Sources of financing
There are various sources of financial help for e-commerce development. At present, the key ones are the following:
- Canadian Trade Commissioner Service (TCS)
Refer to the Government of Canada’s CanExport SMEs Program Applicant’s Guide. Money is available for marketing tools creation, adaptation and translation. The TCS also provides a Spotlight on E-Commerce guide that you may find generally useful.
- Business Development Bank of Canada (BDC)
BDC provides technology financing for hardware such as servers and networks, digital marketing including e-commerce and website building, software solutions and advisory services. Refer to BDC’s Technology Financing pages.
Shopify has a financing program, Shopify Capital, which offers cash advances to qualified Canadian Shopify clients.
- Export Development Canada (EDC)
EDC offers financial support for Canadian companies through the Business Credit Availability Program (BCAP) Guarantee. The program can provide a guarantee to your financial institution that will allow you to obtain new or increased lines of credit or loans in response to the COVID-19 pandemic.

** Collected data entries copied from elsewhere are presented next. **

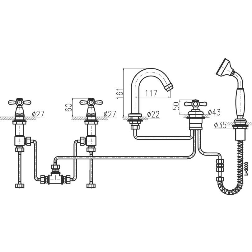 Смеситель имеет общую ширину излива 2.2 см и длину 11.7 см, что обеспечивает комфортное использование. Высота изделия составляет 16.1 см, подходящая для стандартной установки на борт ванны. Вентильное управление и переключатель потоков, размер которого 4.5 см, обеспечивают легкое переключение между режимами. Душевой гарнитур с лейкой 6.4 см в комплекте, а длина душевого шланга — целых 200 см.
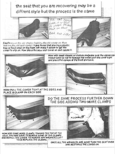 Q: How do I install the replacement seat cover?A: To install the seat cover, we recommend covering the foam with a piece of plastic or a garbage bag before fitting the new cover. This method allows the cover to slide into position more easily, facilitating a smoother installation process.
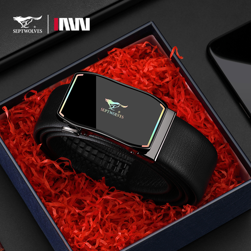 七匹狼男士皮带自动扣腰带男青年纯正品牛皮真皮男式中年爸爸裤带
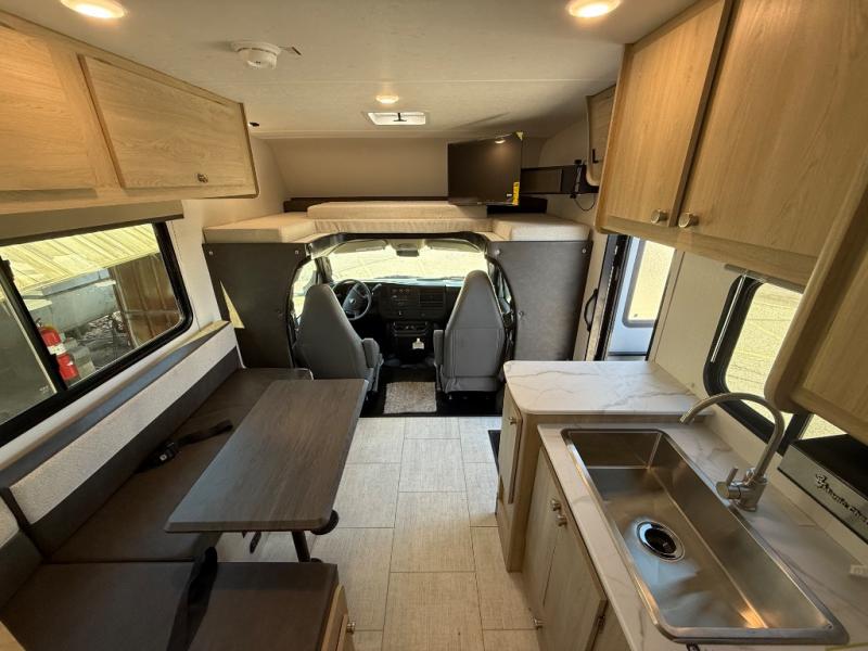 With each Leprechaun Class C gas motorhome by Coachmen you will enjoy "better" interior appointments, like the residential-sized beds, on-demand tankless water heater, and 15,000 BTU A/C. A dash radio and a backup monitor will let you easily navigate the open road like pro. There are also pleated night shades inside, along with premium vinyl flooring, a shower skylight, and USB charging ports to name a few comforts and conveniences. The Leprechaun is constructed with composite sidewall and cabover floor construction plus a seamless one-piece roof material for a durable motorhome made to last.
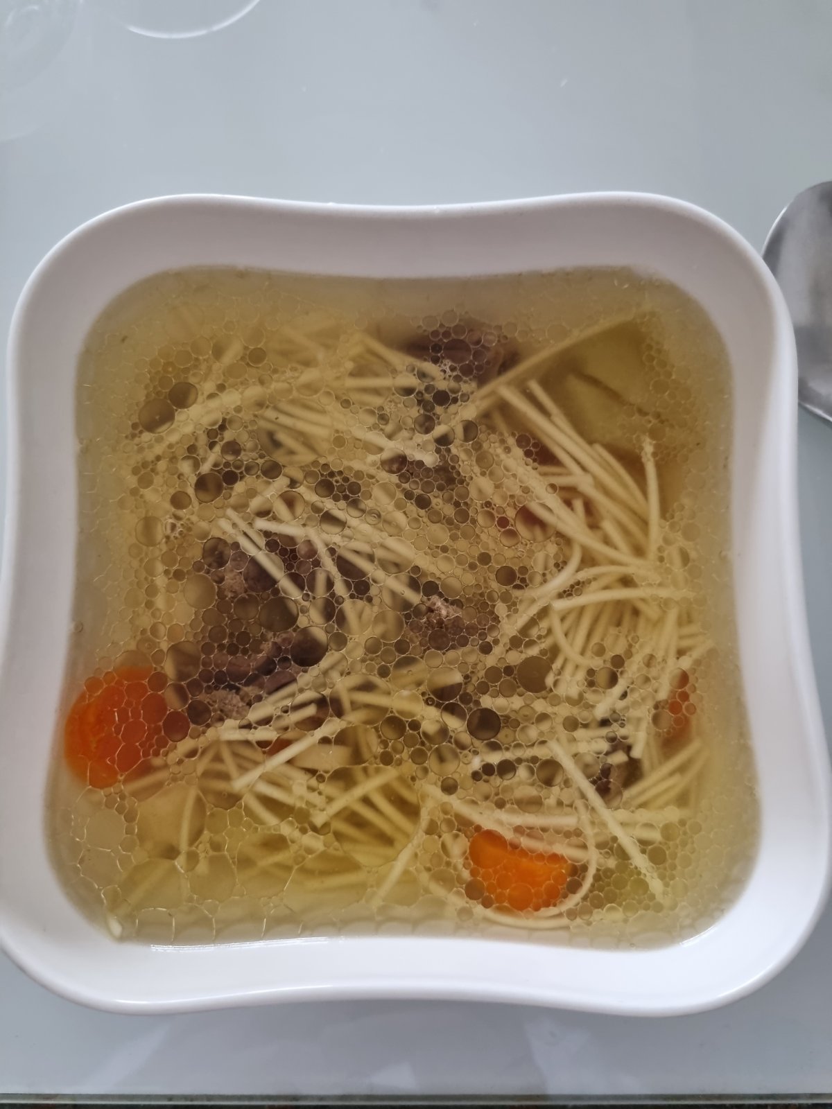 Vcera na obed koprovka s vajickom a fasirkou, polievka dojedacka- kapustova rajcinova s masom a vecer okrem silvestrovskych mis aj plneny zapeceny chleba- sedliacke fondue... dnes pecena kacka, kapusta a knedla, kuraci vyvar. Zajtra neviem 🤦‍♀️
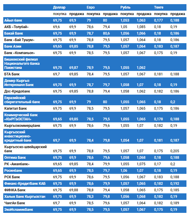 Валюталардын коммерциялык банктардагы бүгүнкү наркы
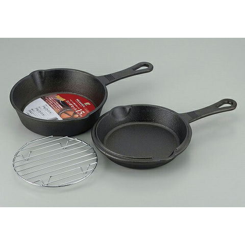 スキレット IH対応 へビーズ 鉄スキレットコンボセット 15cm HR-7967 | 鉄鍋 IH 鉄 フライパン 網付き キャンプ アウトドア 鉄製 燻製用アミ
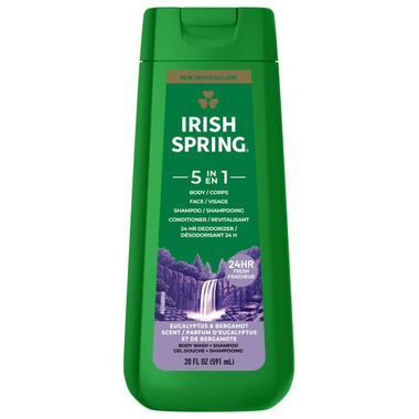 Feel invigorated every day with Irish Spring 5 in 1 Moisturizing Body Wash for Men in Fresh Eucalyptus & Bergamot Scent. Simplify your grooming routine with this men’s body wash that works as your shampoo, conditioner, face wash, body wash, and 24 hour deodorizer.
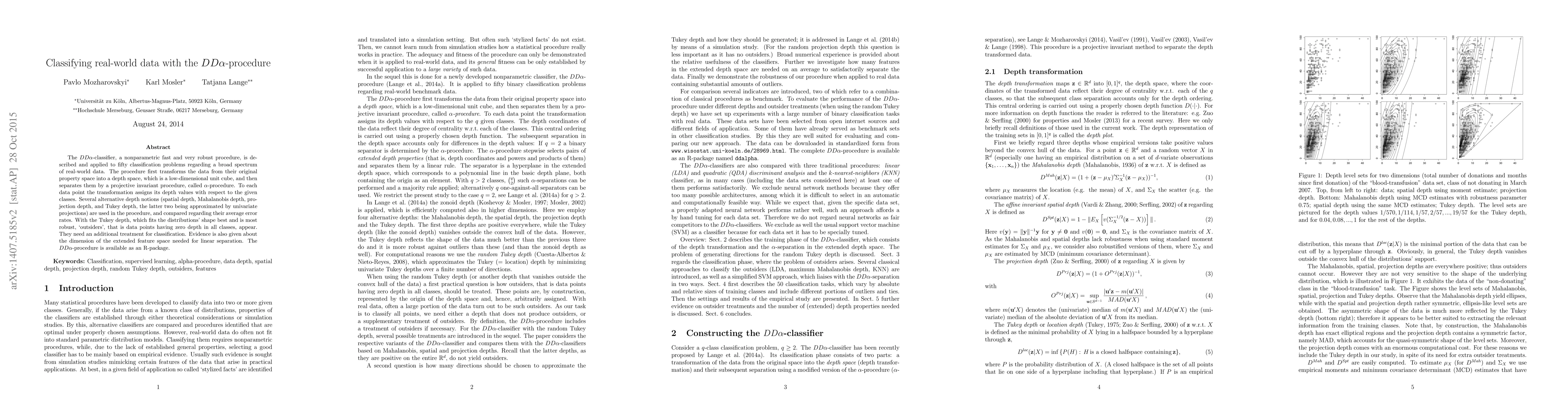 The $DD\alpha$-procedure is a robust nonparametric classifier transforming real-world data into a depth space for classification, comparing various depth notions and showing Tukey depth as the most effective. The procedure is available as an R-package.
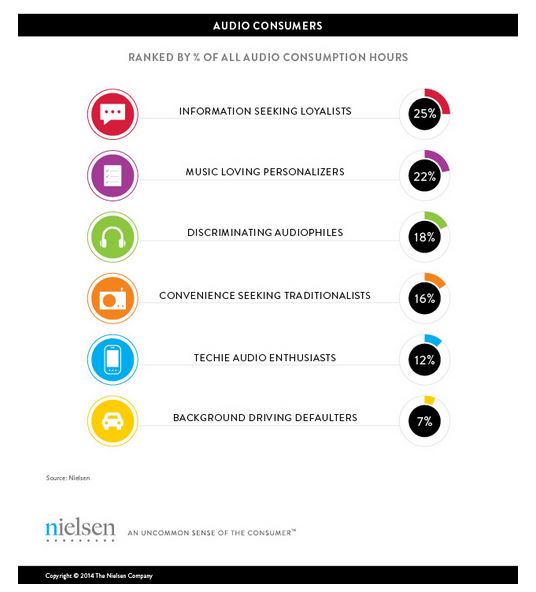 Nielsen broke down listeners into six distinct categories:
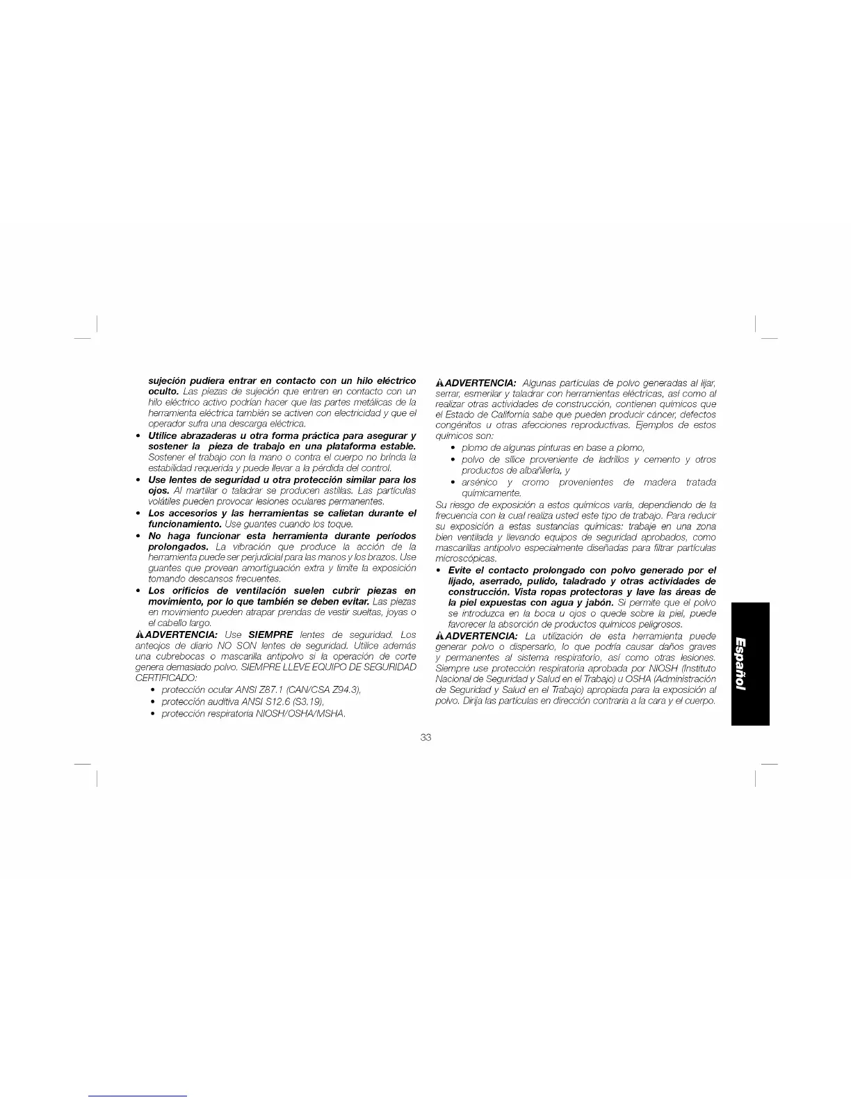 • Use lentes de seguridad u otra proteccion similar para los
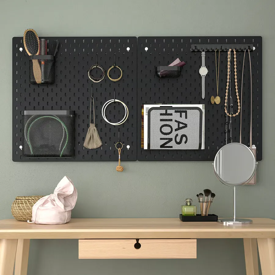 از دیگر اکسسوریهای SKADIS نیز کمک بگیرید و تختههای دیواری این مجموعه را مرتب و منظم چیدمان نمایید. این سبدها در هر جایی از خانه حتی حمام که پگ بورد نصب است، قابلیت استفاده دارند و جنس خوب و مقاومی دارند که در بربر استفاده طولانیمدت تابآوری بالایی داشته باشند.

The post-pandemic role of e-commerce
The advantages and disadvantages of e-commerce were well known before the onset of the pandemic. But successful e-commerce vendors have found ways to diminish the negatives and build up the positives in response to COVID-19. That’s reflected in the e-commerce growth rates we’ve been seeing.
That said, there’s no likelihood that brick-and-mortar stores will become extinct—they have special advantages of their own, and will continue to be a vibrant part of the retail mix. But there is little doubt that consumers will continue to propel steady e-commerce growth in the post-COVID economy. Companies that adapt quickly to this evolution and integrate e-commerce into their development will be the successes of the future. So if you aren’t already preparing to join them, this would be an excellent time to begin!